А потому как грехов на Кавгадые висело что репейников у драного пса на хвосте, так и терять ему было нечего. А приобрести он мог жизнь. Так что стоило рисковать. И бедная царевна-княгиня Агафья-Кончака внезапно, них того ни с сего скончалась в Твери некоей загадочной смертью. Не иначе как свои же и отравили, по татарскому лукавому обычаю.

Впрочем, утверждать со всей определённостью, что именно Кавгадый приложил руку к её смерти, конечно нельзя, но и исключить того невозможно.
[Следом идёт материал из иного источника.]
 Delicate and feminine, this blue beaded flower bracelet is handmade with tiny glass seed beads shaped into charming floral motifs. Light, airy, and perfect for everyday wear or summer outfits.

Хотя бы потому, что спустя непродолжительное время после его возвращения в Орду (и после того, как он выполнил то, что было угодно Узбеку!), Кавгадый был казнён лютой казнью. Ту казнь, поди, не один хан, а весь его Диван обдумывал, учитывая всякую подробную мелочь. Да ещё и не один день, поди. Так затейлива была эта казнь!

Сначала Кавгадыю вырвали ногти, затем по суставам срубили пальцы, отрезали уши, выкололи глаза, посекли на ремни кожу, а напоследок вытянули из задницы кишку, затянули её, верёвкой с петлёй, верёвку ту привязали к кобыльему хвосту и повели ту кобылу медленным шагом по сарайским улицам, покуда все кишки из брюха не вымотались.
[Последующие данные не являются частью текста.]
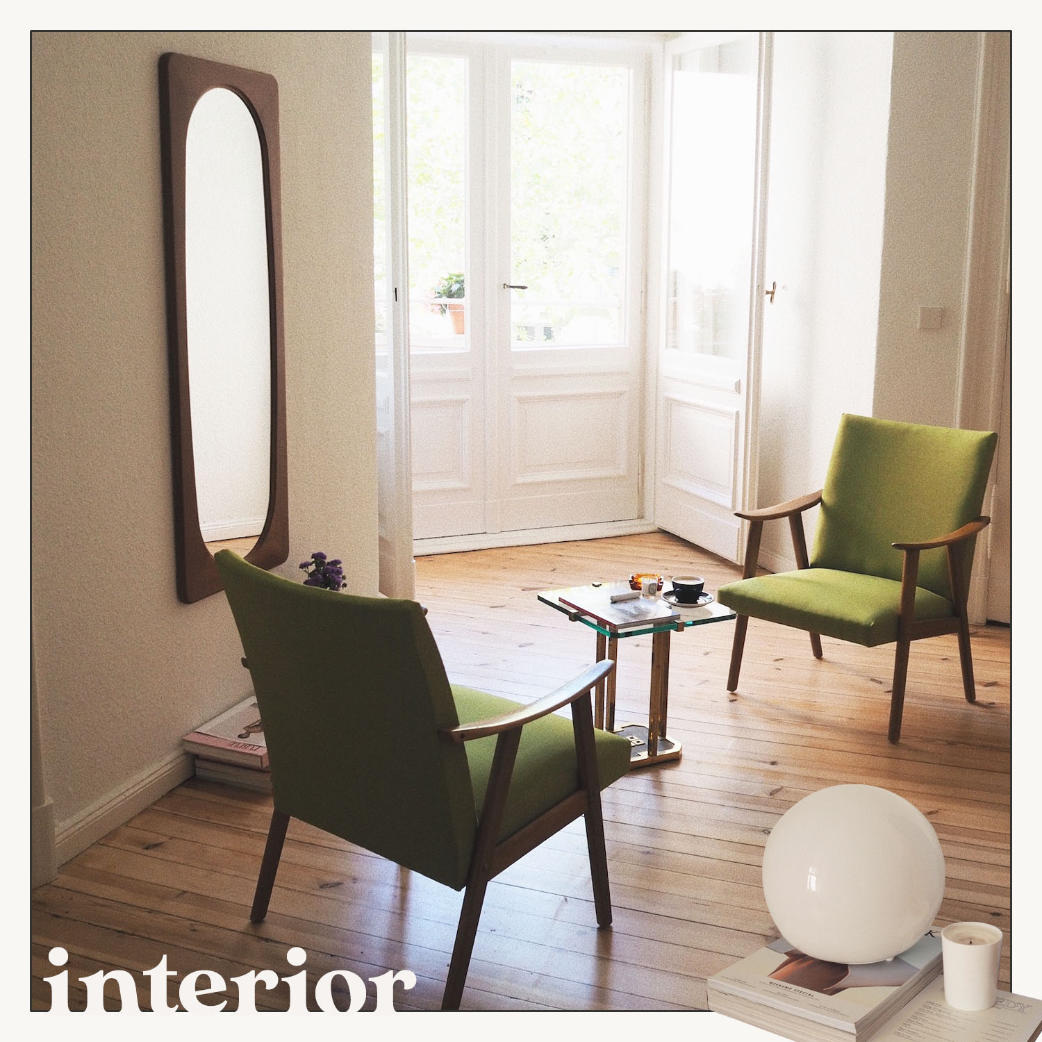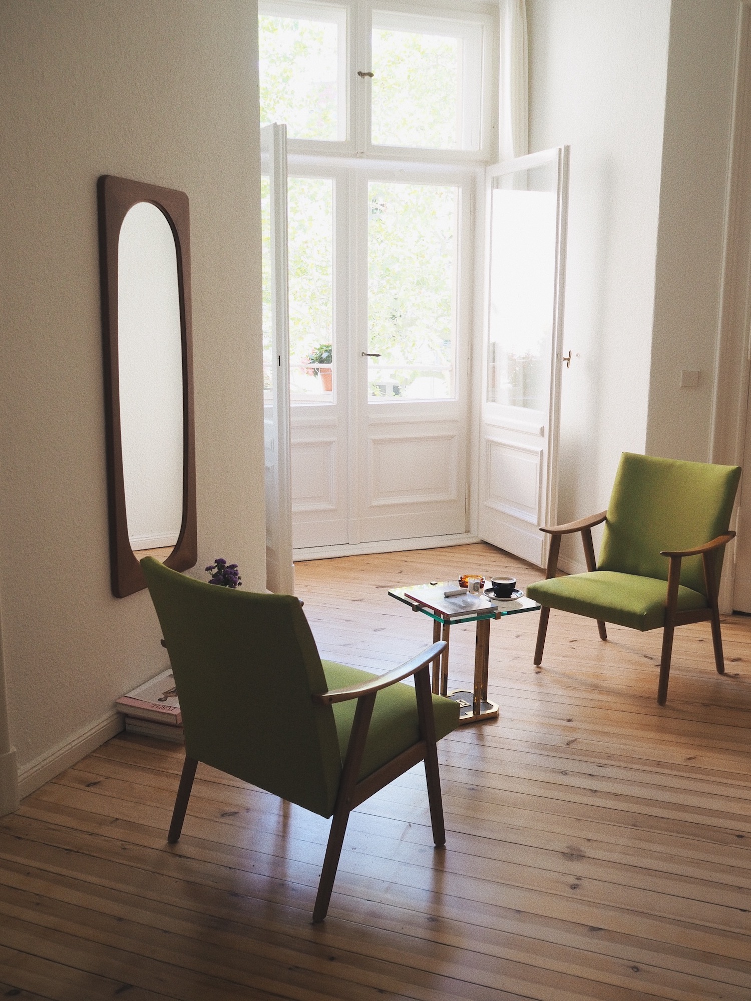 Meine vielleicht liebste Ecke der ganzen Wohnung ist die Sitzecke im Balkonzimmer, der es zwar noch an einer Stehlampe und ggf. einem Teppich fehlt, aber dennoch der Ort ist, an dem ich meinen morgendlichen Kaffee am liebsten trinke. Die beiden Easy Chairs mit hellgrünem Bezug fand ich einst in einem Shop über Ebay Kleinanzeigen, den wundervollen Glastisch kauften wir vor etwa zwei Monaten einem wahnsinnig netten Ehepaar ab. Vor dem Spiegel, der ein wenig zu tief hängt (mein Verschulden), habe ich einen Teil meiner Magazinsammlung gelagert — auch, wenn manche Menschen Bücher- und Magazintürme auf dem Boden schrecklich finden, habe ich eine Vorliebe für sie. Den hübschen, bernsteinfarbenen Aschenbecher fand ich übrigens vor etwa einem Jahr auf Etsy und obwohl in diesem Haushalt niemand raucht, bestellte ich ihn noch im gleichen Moment. Seither wanderte er von Tisch zu Tisch und hat nun endlich seinen festen Platz gefunden.

Ну, это мы вперёд забежали…

А совет Кавгадыя Юрию состоял в том, чтоб вину за Кончакину смерть возложить на Тверского и в том согласно клясться перед Узбеком. Мол, он царёв враг и сестру его уморил. А пошто уморил-то? Так, ить, ведомый враг! Али не доказал того хану под Бортенево? А у врага-то одна мысль, хоть бы чем досадить! Не хотел, видать, Михаил, чтобы татарка стала матерью русских владетелей!

На такой счастливый оборот Юрий и не рассчитывал. Пошёл слух гулять. Слух бывает куда правды сильней, коли выгоден. Поди, тот слух Узбековых ушей раньше достигнет, чем Юрий хана увидит.

77

Вежи - юрты.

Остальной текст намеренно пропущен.